May stepped quickly from the cold and Jess latched the door behind her.  No words were needed as Jess stood back and let May do her thing.  A foot shorter than most, May shuffled across the room, sat softly on the bed and began to undress the boy from his heavy clothes.  He relented quietly, watching Jess carefully, as if making sure this old woman was okay.  Jess nodded her approval without saying a word and the dark quiet of the one room cabin enfolded them as the old woman mumbled soothingly in her native tongue as she worked.  Once stripped of his winter gear, the boy appeared even younger and more frail than he had before. May pulled him to her and swaddled him inside her heavy fur parka, their heat blending.

“Boy needs a bond,” she said. “You know nothing.”

“Never claimed to,” Jess replied quietly, and sat nearby on the only chair.

“What you going to do?”

“I guess keep him through the weekend.  Kingston came by a while ago while he was still sleeping and said he’d gotten ahold of someone out of Anchorage who was going to come out Monday.”

“Where he come from?” May asked as she rocked the child back and forth, nothing but his nose and eyes showing from inside her coat.

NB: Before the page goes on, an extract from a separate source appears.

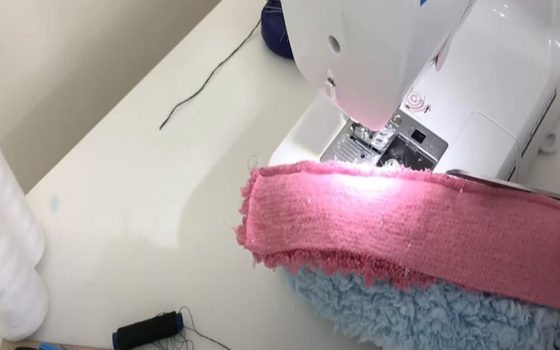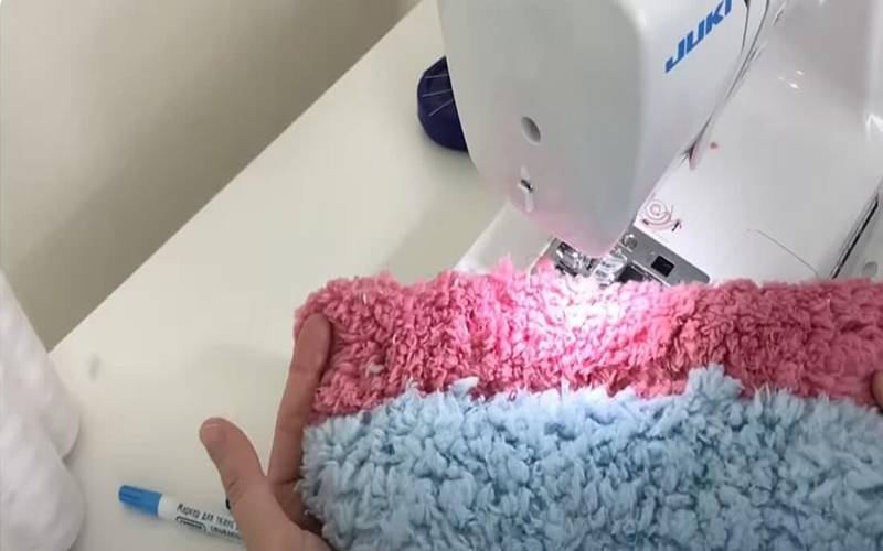 - После этого нужно прошить все изделие по периметру и обработать края покрывала оверлоком.

“Kingston said there was a boat by here early this morning.  Some said they heard the engine.  Nobody really knows any more than that.”

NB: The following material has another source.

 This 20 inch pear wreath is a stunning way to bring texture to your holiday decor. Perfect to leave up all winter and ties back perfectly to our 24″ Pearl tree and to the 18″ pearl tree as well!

There was no reply, as conversations always ended abruptly with May, who never said more than was necessary.  And they sat in silence for the next hour, May rocking slightly back and forth.  The boy stared out at Jess, never taking his eyes from her.  Jess didn’t look at him, but she felt his stare.  She lay her head back against the worn chair in which her father had sat each night of her youth and closed her eyes.  The sun disappeared, the narrow windows darkened and the howl of wolves talking to each other across the water filled the thick silence surrounding the three.